Exercise requirements:
The expected output is an exact copy of the lines from the one containing "- 08:51 Hürriyet" to the final line below, minus any pictures.

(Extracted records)
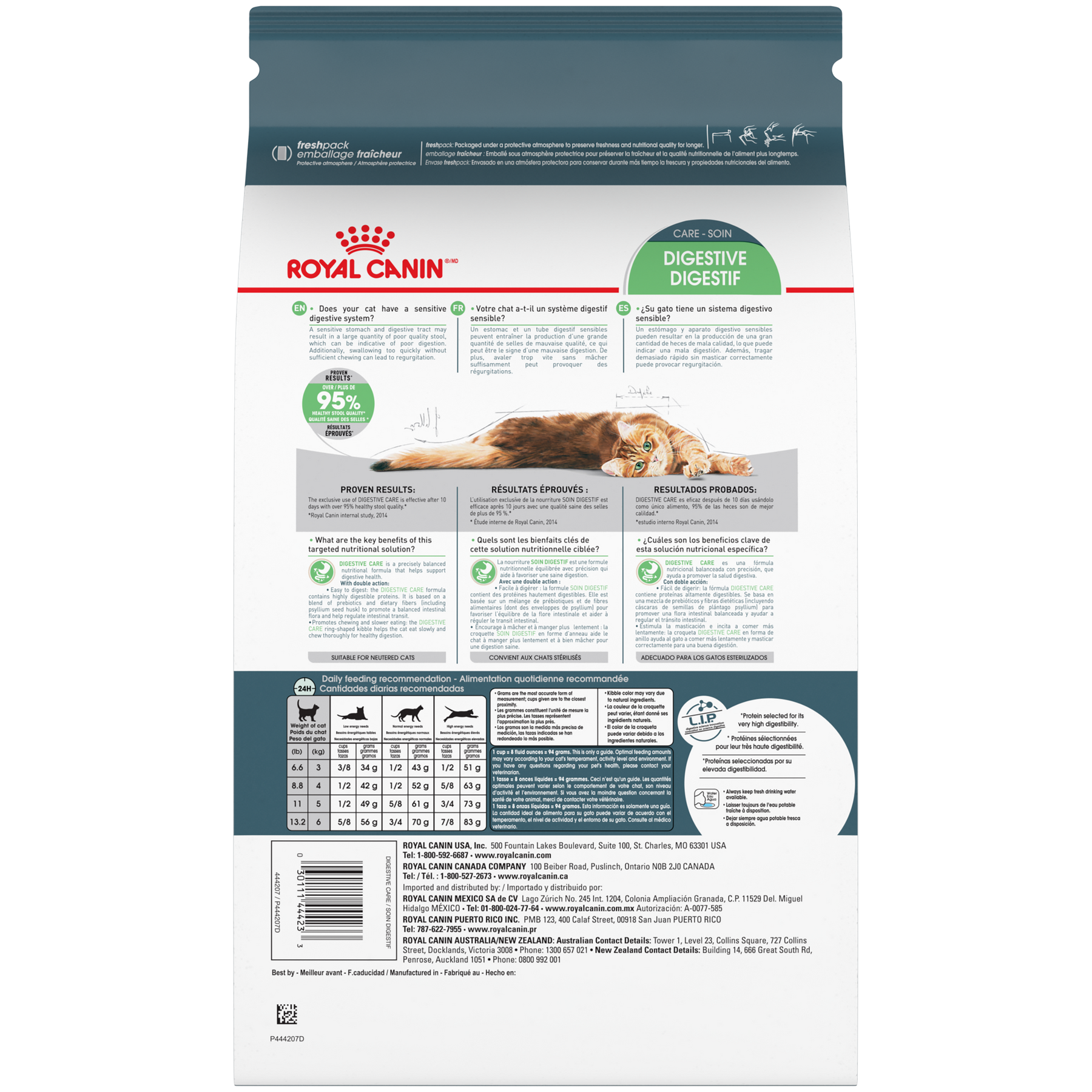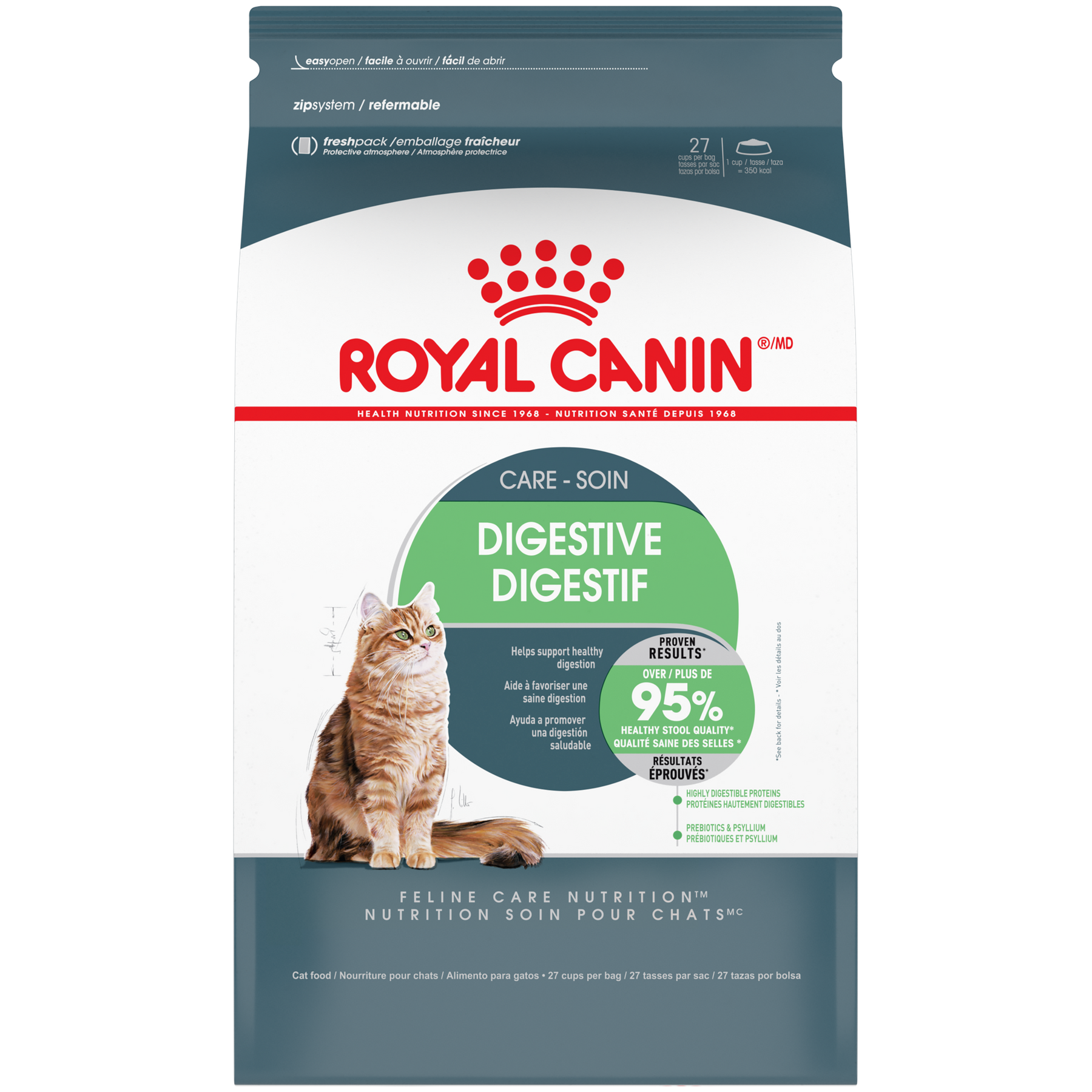 Formulée pour les chats adultes ayant une digestion sensible, Royal Canin Soin Digestif aide à soutenir la santé digestive et à améliorer la qualité des selles. Un système digestif sensible peut entraîner des selles volumineuses ou de mauvaise qualité. Cette recette contient des protéines hautement digestibles ainsi qu’un mélange spécifique de prébiotiques et de fibres, incluant du psyllium, pour favoriser l’équilibre de la flore intestinale et un transit intestinal sain. Sa croquette de forme unique est conçue pour encourager une mastication plus lente, contribuant ainsi à une meilleure digestion.
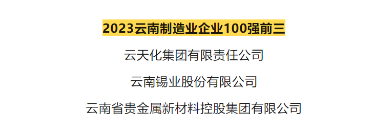 近日,由云南省企業(yè)聯(lián)合會、云南省企業(yè)家協(xié)會公開發(fā)布的“2023云南企業(yè)100強”新鮮出爐。錫業(yè)股份位列2023云南高新技術(shù)企業(yè)100強第1位,2023云南制造業(yè)企業(yè)100強第2位。
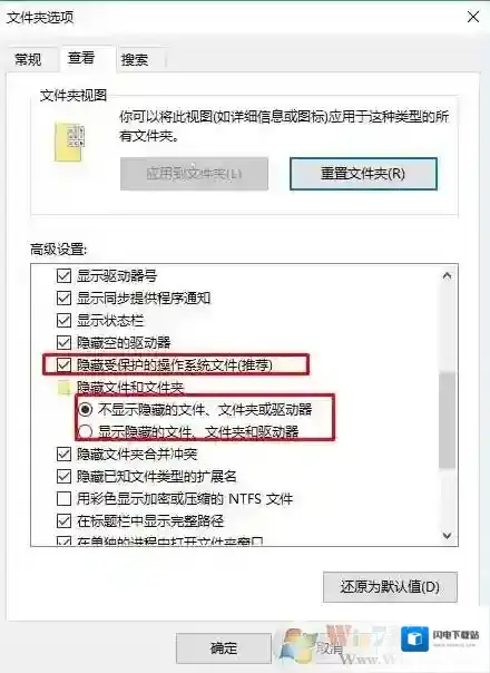 6、在查看选项卡下,我们主要会设置隐藏 显示系统文件和隐藏属性的文件,文件扩展名是否显示,还有资源管理器中显示的一些项目设置;
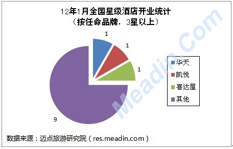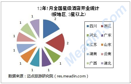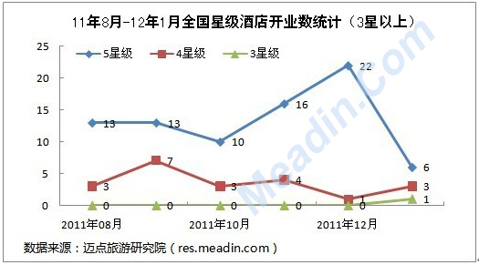 据迈点旅游研究院对国内酒店开业情况的不完全统计,2012年1月,国内开业的星级酒店数为12家,客房总数约3073间(套)。与上月相比,本月新开业星级酒店总数减少了11家,降幅为48%;而客房总数与上月相比减少约3859间(套),降幅高达56%,本月正逢新春佳节,所以只有较少的高星级酒店开业。
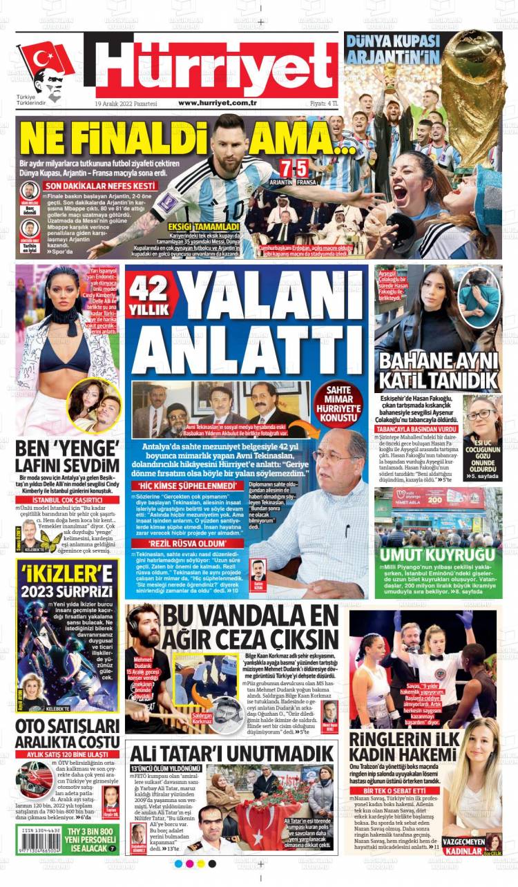 * Günün Ulusal Gazete Manşetleri – 20 12 2022Ulusal Gazetelerin 1. sayfaları Haber Merkezi Yayınlanma: 20.12.2022 - 11:50 Son güncellenme: 28.01.2025 - 08:51 Hürriyet
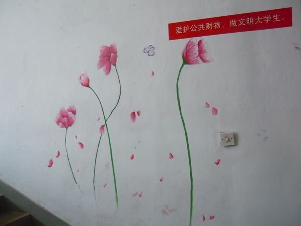 本次墙绘活动由该院学工科发出倡议,吸引了毕业生同学的广泛参与。同学们解决炎热、无辅助设施等困难,利用休息时间,历时3天对学生宿舍内的走廊、水房等公共场所进行了环境美化。通过宿舍调动,局内工程学院招待所宿舍区将在下学期安置给新生入住。为让随即入校的2011级新生享有一度整洁温馨的宿舍,毕业生同学和部分在校生不但迅速办好了搬离职业,还利用空余时间,发挥专业特长,用画笔对宿舍环境进行了饰物美化。同学们证据不同墙面设计了与之匹配的图案,以有旺盛的生命力,对环境的适应性极强的“常青藤”作为主要图案,配合淡雅的荷花和令人遐想的蒲公英等,固定表达了高职院毕业生对母校欣欣向荣的美好祝愿和对新生能尽快适应大学生命,勇敢面对生命挑战的期望。(高职院 张晶)

Exercise solution:
 * Günün Ulusal Gazete Manşetleri – 20 12 2022Ulusal Gazetelerin 1. sayfaları Haber Merkezi Yayınlanma: 20.12.2022 - 11:50 Son güncellenme: 28.01.2025 - 08:51 Hürriyet
 本次墙绘活动由该院学工科发出倡议,吸引了毕业生同学的广泛参与。同学们解决炎热、无辅助设施等困难,利用休息时间,历时3天对学生宿舍内的走廊、水房等公共场所进行了环境美化。通过宿舍调动,局内工程学院招待所宿舍区将在下学期安置给新生入住。为让随即入校的2011级新生享有一度整洁温馨的宿舍,毕业生同学和部分在校生不但迅速办好了搬离职业,还利用空余时间,发挥专业特长,用画笔对宿舍环境进行了饰物美化。同学们证据不同墙面设计了与之匹配的图案,以有旺盛的生命力,对环境的适应性极强的“常青藤”作为主要图案,配合淡雅的荷花和令人遐想的蒲公英等,固定表达了高职院毕业生对母校欣欣向荣的美好祝愿和对新生能尽快适应大学生命,勇敢面对生命挑战的期望。(高职院 张晶)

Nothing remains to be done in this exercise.